Task objective. Reproduce word for word the lines between those holding "23.(11分)(1)买一只玩具兔和七巧板,一共要( )元( )角。" and "Men's Air Jordan", inclusive, and nothing else from the data below.
++++ Material for the task
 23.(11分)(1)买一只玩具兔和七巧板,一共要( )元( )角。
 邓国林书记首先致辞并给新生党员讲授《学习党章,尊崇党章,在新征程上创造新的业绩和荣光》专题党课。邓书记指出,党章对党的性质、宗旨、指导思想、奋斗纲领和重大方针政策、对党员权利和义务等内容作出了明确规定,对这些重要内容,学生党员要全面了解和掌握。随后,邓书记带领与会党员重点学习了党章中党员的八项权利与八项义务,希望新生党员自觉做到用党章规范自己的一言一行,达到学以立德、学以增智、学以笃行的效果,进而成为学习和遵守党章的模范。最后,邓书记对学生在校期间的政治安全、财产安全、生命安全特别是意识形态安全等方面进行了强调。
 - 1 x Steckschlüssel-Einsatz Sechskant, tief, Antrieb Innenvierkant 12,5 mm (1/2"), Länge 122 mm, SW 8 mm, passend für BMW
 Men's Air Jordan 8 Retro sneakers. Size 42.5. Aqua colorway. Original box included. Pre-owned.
++++++++
++++ Material for the task
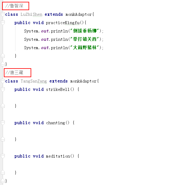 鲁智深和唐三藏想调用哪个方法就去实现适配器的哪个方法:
++++++++
Answer box.
 23.(11分)(1)买一只玩具兔和七巧板,一共要( )元( )角。
 邓国林书记首先致辞并给新生党员讲授《学习党章,尊崇党章,在新征程上创造新的业绩和荣光》专题党课。邓书记指出,党章对党的性质、宗旨、指导思想、奋斗纲领和重大方针政策、对党员权利和义务等内容作出了明确规定,对这些重要内容,学生党员要全面了解和掌握。随后,邓书记带领与会党员重点学习了党章中党员的八项权利与八项义务,希望新生党员自觉做到用党章规范自己的一言一行,达到学以立德、学以增智、学以笃行的效果,进而成为学习和遵守党章的模范。最后,邓书记对学生在校期间的政治安全、财产安全、生命安全特别是意识形态安全等方面进行了强调。
 - 1 x Steckschlüssel-Einsatz Sechskant, tief, Antrieb Innenvierkant 12,5 mm (1/2"), Länge 122 mm, SW 8 mm, passend für BMW
 Men's Air Jordan 8 Retro sneakers. Size 42.5. Aqua colorway. Original box included. Pre-owned.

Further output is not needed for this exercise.